**Exercise:** Give again, exactly and only, the lines running from the one with "本次大赛共分为5组,分别在5" to the end of the material below; leave out pictures.

**Supplied material:**
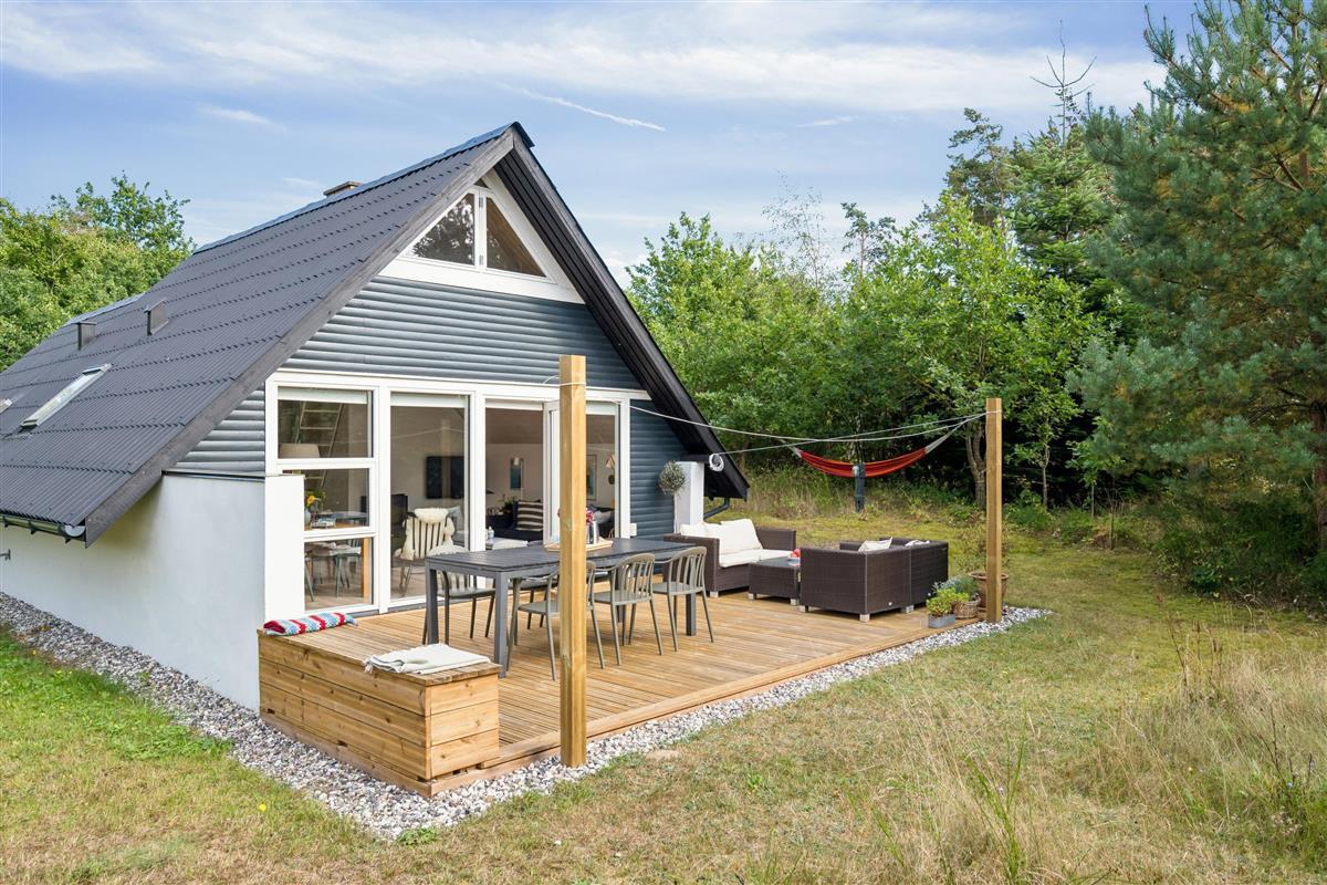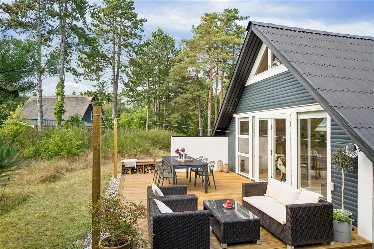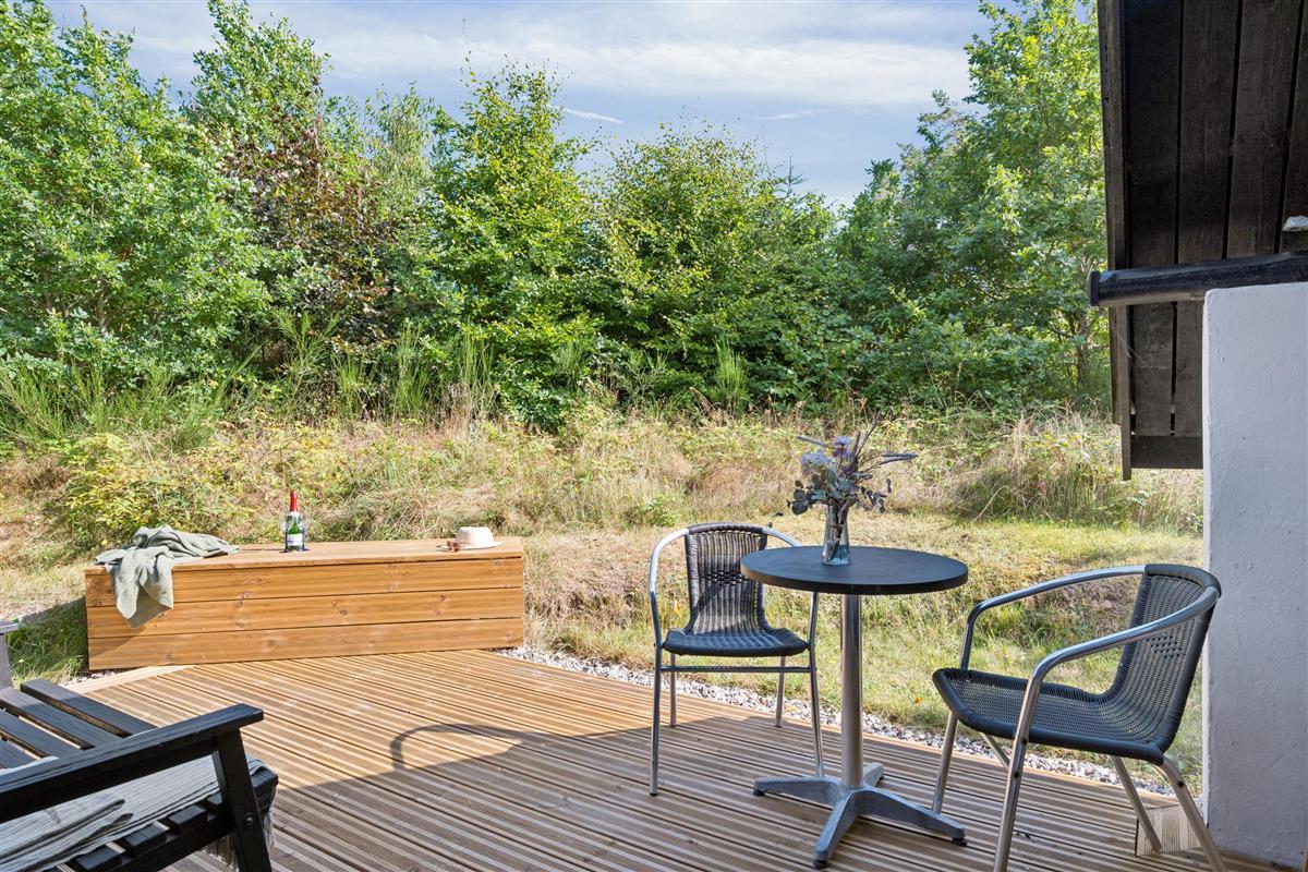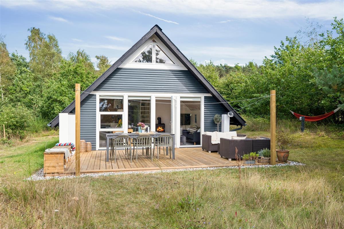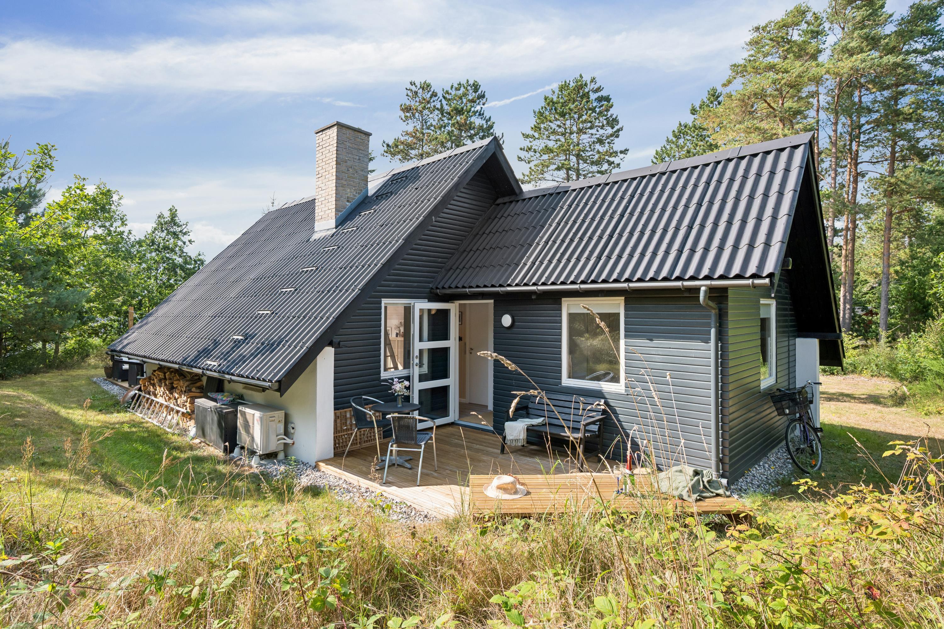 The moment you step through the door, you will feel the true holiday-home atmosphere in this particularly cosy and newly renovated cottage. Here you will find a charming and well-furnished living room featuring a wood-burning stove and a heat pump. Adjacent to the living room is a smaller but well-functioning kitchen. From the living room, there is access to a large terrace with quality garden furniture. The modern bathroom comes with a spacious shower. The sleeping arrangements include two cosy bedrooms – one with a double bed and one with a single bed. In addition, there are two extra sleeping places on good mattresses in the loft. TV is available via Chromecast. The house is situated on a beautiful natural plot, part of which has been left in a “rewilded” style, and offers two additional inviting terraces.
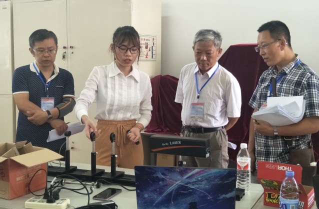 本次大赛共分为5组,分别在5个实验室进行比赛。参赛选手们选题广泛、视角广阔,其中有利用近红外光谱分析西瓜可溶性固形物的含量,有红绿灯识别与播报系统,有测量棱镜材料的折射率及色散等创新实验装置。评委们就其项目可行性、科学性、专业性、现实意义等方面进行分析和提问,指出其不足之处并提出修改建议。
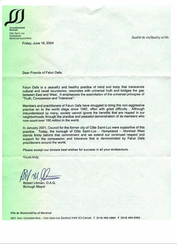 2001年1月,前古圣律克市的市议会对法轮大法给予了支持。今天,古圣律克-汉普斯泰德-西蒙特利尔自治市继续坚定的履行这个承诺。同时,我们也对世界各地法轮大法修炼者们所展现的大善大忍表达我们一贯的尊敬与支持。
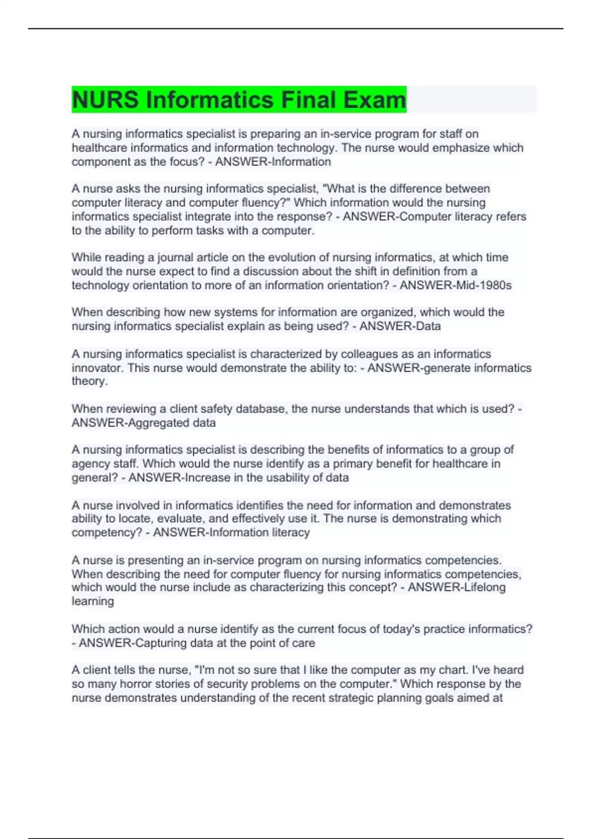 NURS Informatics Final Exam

**Answer box:**
 本次大赛共分为5组,分别在5个实验室进行比赛。参赛选手们选题广泛、视角广阔,其中有利用近红外光谱分析西瓜可溶性固形物的含量,有红绿灯识别与播报系统,有测量棱镜材料的折射率及色散等创新实验装置。评委们就其项目可行性、科学性、专业性、现实意义等方面进行分析和提问,指出其不足之处并提出修改建议。
 2001年1月,前古圣律克市的市议会对法轮大法给予了支持。今天,古圣律克-汉普斯泰德-西蒙特利尔自治市继续坚定的履行这个承诺。同时,我们也对世界各地法轮大法修炼者们所展现的大善大忍表达我们一贯的尊敬与支持。
 NURS Informatics Final Exam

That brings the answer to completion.